There is a tendency for some children to exhibit transient sociopathic behaviors without it being immediately identified. Some kids are excellent at hiding these behaviors, much like Rhoda in the Bad Seed. "Sociopath" is not really an accurate description, as either you're constantly a sociopath or you're not under the DSM-V guidebook. Nevertheless, some children can be these reserved calculating monsters that know how to push buttons to get your kid to blow up, then watch the discipline show afterwards. It's entertaining for them.

If we can keep our train on the tracks with home schooling, I think Zach can be insulated from most of this disturbing, yet normal and encouraged, psycho playground party.

As someone who was formally going into teaching, I am not disparaging public school. It works great for most kids, but not all. The 2 ½ years we spent in public school did not work. Now we are trying this.

Thursday, June 22, 2017

Gushing Blood for Ron Cobb

I'm nuts for Alien.

Not Aliens.
Not Alien 3.
Not Alien Resurrection.
Not Alien vs. Predator.
Not Prometheus.
Not Alien Covenant.

Just Alien. Copyright 1979, Twentieth Century Fox.

It's my favorite film, and one I consider a paragon of mainstream blockbuster films over the decades. It continues to have wide appeal, particularly the artwork and design aspects. I would have awarded Giger multiple Oscars for his work on this film alone, had I not seen concept art by futurist, Ron Cobb.

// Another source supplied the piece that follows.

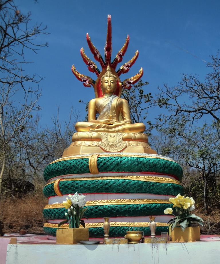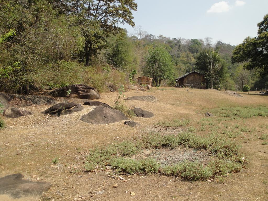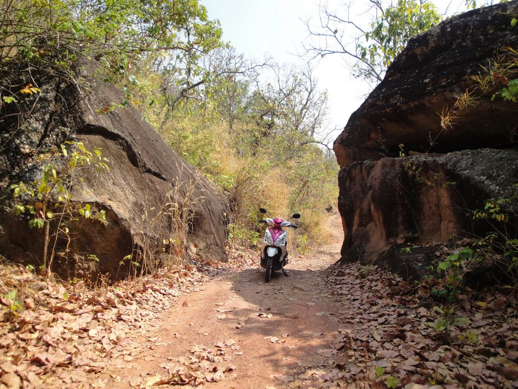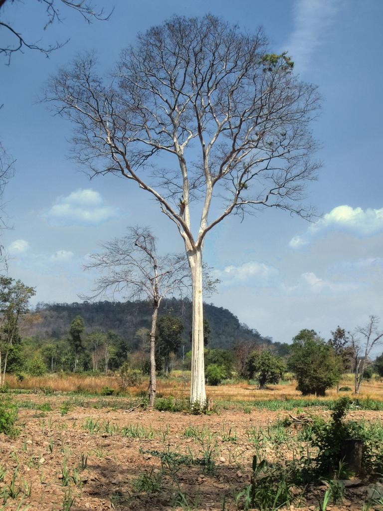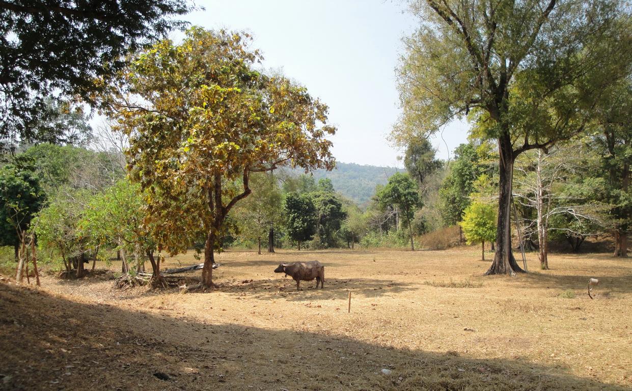 Tour overview … Überblick …I can’t remember why I took this photo. I’m sure that it doesn’t show the way I took on the motorcycle … Maybe I liked the contrast between the brown rocks; the dry, beige thatch; the few green leaves and the blue sky … Ich kann mich nicht erinnern, warum ich dieses Foto gemacht habe. Mit Sicherheit zeigt es nicht den Weg den ich mit dem Roller genommen habe … Vielleicht gefiel mir der Kontrast zwischen den braunen Steinen, dem trockenen, beigefarbigen Stroh und dem blauen Himmel …It was the second time that I saw and entered an area full of these shrubs full of long, hard thorns. I don’t know what kind of plant it is though … Es war das zweite Mal, daß ich eine Gegend, in der diese Sträucher voll langer, harter Dornen wuchsen, sah und betrat. Trotzdem ist mir bis heute nicht klar, um welche Art von Gesträuch es sich handelte …Maybe, a botanical expert can provide some information … Vielleicht kann ja ein Fachmann der Botanik etwas zur Aufklärung beitragen …A bell? It looked like a bell, it sounded like a bell – it was a bell. Any church nearby? No. Then there must be a temple – but where? And which one? I can’t remember. Eine Glocke? Es sah aus wie eine Glocke, es klang wie eine Glocke – es war eine Glocke. gab es eine Kirche in der Nähe? Nein. Dann wohl ein Tempel – aber wo? Und welcher Tempel? Ich habe es vergessen.I have to apologize for not being able to provide more info on names or places. I went on this tour more than 13 years ago and never had in mind to publish any photos. At this time it was nothing more than 1 tour out of many others. It took me long time already to find out the names in the map above because this area is not attractive for mass tourism – and thus the map based information is rare. Ich muss mich dafür entschuldigen, daß ich nicht mehr Angaben zu Namen oder Orten machen kann. Diese Tour habe ich vor etwa dreizehn Jahren gemacht und hatte zu dem Zeitpunkt nicht die Absicht, irgendwelche Fotos in der Öffentlichkeit zu zeigen. Zu der Zeit war dies nur eine von vielen Touren. Es hat mich schon viel Zeit gekostet, die Bezeichnungen in der Übersichtskarte zu finden weil dies keine Gegend ist, die für den Massentourismus bedeutsam ist – und deshalb gibt es auch kaum Karten mit genaueren Angaben.Probably some kind of Thai vegetables, salad … no idea. But I liked the colours, the shadow and the long rows … Wahrscheinlich irgendeine Art von thailändischem Gemüse, Salat … keine Ahnung. Aber mir gefielen die Farben, die Schatten und die langen Reihen …A bit later I found myself in a basin, surrounded by mountains and populated by buffaloes. Etwas später fand ich mich in einem Talbecken wieder, umgeben von Bergen und besiedelt von Büffeln.That’s there I came from … Von dort bin ich gekommen …Even the buffalo thought: ‚Hey, what is that pale foreigner doing here?‘ It was very quiet here and I felt that the sound of my motorcycle was disturbing every animal around here … Sogar der Büffel dachte sich: ‚Hey, was macht das Bleichgesicht denn hier?‘ Es war sehr still her und ich konnte spüren, daß der Motor meines Rollers jedes Lebewesen hier störte …Somewhere in … it could be at many other countries in the world. Irgendwo in … es hätte in vielen anderen Ländern der Erde sein können.If someone was living here? I didn’t want to find out … I mean, I was not scared of anything. But the silence and very remote place made me feel a bit cowed though. Ob hier jemand lebte? Ich wollte es nicht herausfinden … Ich meine, ich hatte keine Angst. Aber die Stille und der abgelegene Ort hier sorgten doch dafür, daß ich mich etwas eingeschüchtert fühlte.A last picture of the nature in the basin – then back towards … Ein letztes Bild der Natur in dem Tal – dann ging es zurück in Richtung …… fucked up civilization. … verdreckter Zivilisation.Steel pipes, concrete – Wow. One of the better bridges … although something on the left side went missing … Stahlrohre und Beton – wow. Eine der besseren Brücken … obwohl links doch einiges fehlte …It’s always good to have some trees on hand … otherwise the two planks could not have been fixed there. Es ist doch immer gut, einige Bäume zur Hand zu haben … sonst hätte man ja die zwei Bretter nicht dort anbringen können.Shadowman … Der Schattenmann …Another dead tree. But wait … who said dead? Look, there are some green leaves. Noch ein toter Baum. Aber stop … wer sprach von tot? Guck mal, da sind einige grüne Blätter.The first sign of Wat Phu Pha Kor. No further direction given – I think, I have been there. But it can’t have been very impressive because I didn’t take any photos. Das erste Schild des Phu Pha Kor Tempels. Ohne Richtungsangabe – ich glaube, ich bin schon mal dort gewesen. Aber es kann nicht besonders beeindruckend gewesen sein weil ich keine Fotos gemacht habe.Riding up along the mountainside on a new, solid and relatively smooth surface until … Aufwärts entlang der Bergflanke auf einem neuen Weg mit fester und ziemlich glatter Oberfläche bis …… it changed back to the common, red and dusty mix of sand, rocks and leaves. … sich diese wieder in den üblichen, roten und staubigen Mix aus Sand, Steinen und Blättern verwandelte.That looked like the meditation treadmill of a temple. But where is the temple? Sah aus wie einer dieser Pfade, auf denen die Mönche beim Meditieren wandeln. Aber wo war der Tempel?The sign says something regarding ‚luck‘. I guess it’s an encouragement to climb up the stairs … Auf dem Schild stand etwas von ‚Glück‘. Ich denke, das war eine Aufforderung, die Stufen nach oben zu steigen …Three temples to visit: Wat Phu Pha Kor to the left. Wat Phuyang Diao and Wat Phu Dan Muang to the right … I don’t know which one I passed already or which one might be just ahead … Drei Tempel in der Nähe: Der Phu Pha Kor Tempel li

Director Ridley Scott, with writers Dan O'Bannon and Ron Shusett, collaborated with Cobb's vision of what the interior of the spacecraft Nostromo should look like. It was terrifying. It was beautiful. It looked like what a leftover well-used piece of equipment in the dystopian future should look like. It looked like an old city bus.

A new form of entertainment out now, the video game movie, has brought Ron Cobb's future back. Okay, yes, I'm late to the punch, as Alien Isolation has been out for several years now. When I saw previews of this game, it was Ron Cobb in a blender. It was breathtaking.

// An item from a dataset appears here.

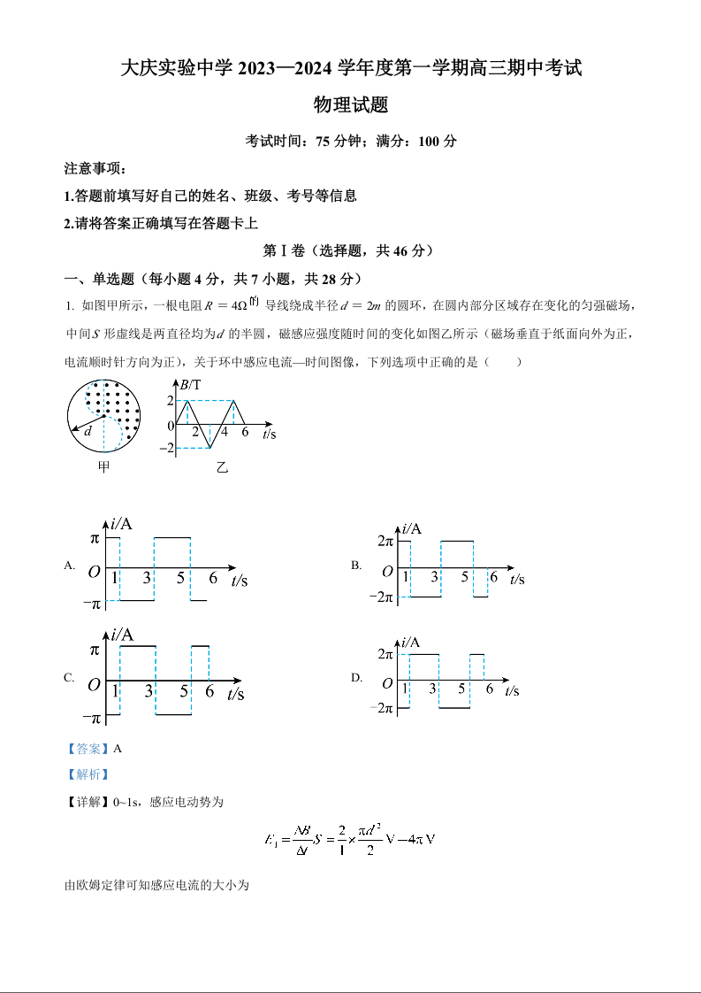 黑龙江省大庆实验中学2024届高三上学期期中考试物理(精品解析版)

A few years later, I secured a copy of Isolation, and played through the first few levels. I had to get Zachary out the room to do this, so I was mainly playing at night for a few days. Finally, I had to stop. This game is way too scary. I didn't want to have a heart attack.

It's rather impossible to play, too, especially for an infrequent gamer like me. I just don't have the time to hide from the alien 1,000 times and die 999 times over a period of months.

Still, Alien Isolation is just gorgeous. It's no wonder that it took 3 years to develop. The androids have that very disturbing THX 1138 quality, that gives you no glimmer of their intent for human preservation. I would have loved to see an actual Alien franchise film with these Seegson defective androids.

The designers also made a Nostromo mission you can add on, so you can play as in the original 1979 film. They even brought in the original actors for voice, and just in time, too. (Rest in peace John Hurt.)

I experienced the rest of the game as a movie though video walkthroughs. It's all my heart could take.

Let me just say Ripley is up shit creek without a paddle more than 600 times over than any Ripley in any previous film to date or will be in any future film, absolutely to the point of total implausible survival.

Future humans just don't burst into flames in the presence of gamma rays like they used to.
She falls, a lot. Gets hit by trains, ejected into space at least 3 times, exposed to radiation, strangled, shot, and a host of other fatal events. But don't worry, Ripley, you have a circuit card and a wall phone.

I would actually love to play this game all the through with it only being mildly fatal, like Portal. But since this will be the last game I play for a while, at least the storyline can be put to rest. Plus, if I see one more Ron Cobb bulkhead, I'm going to puke rainbows.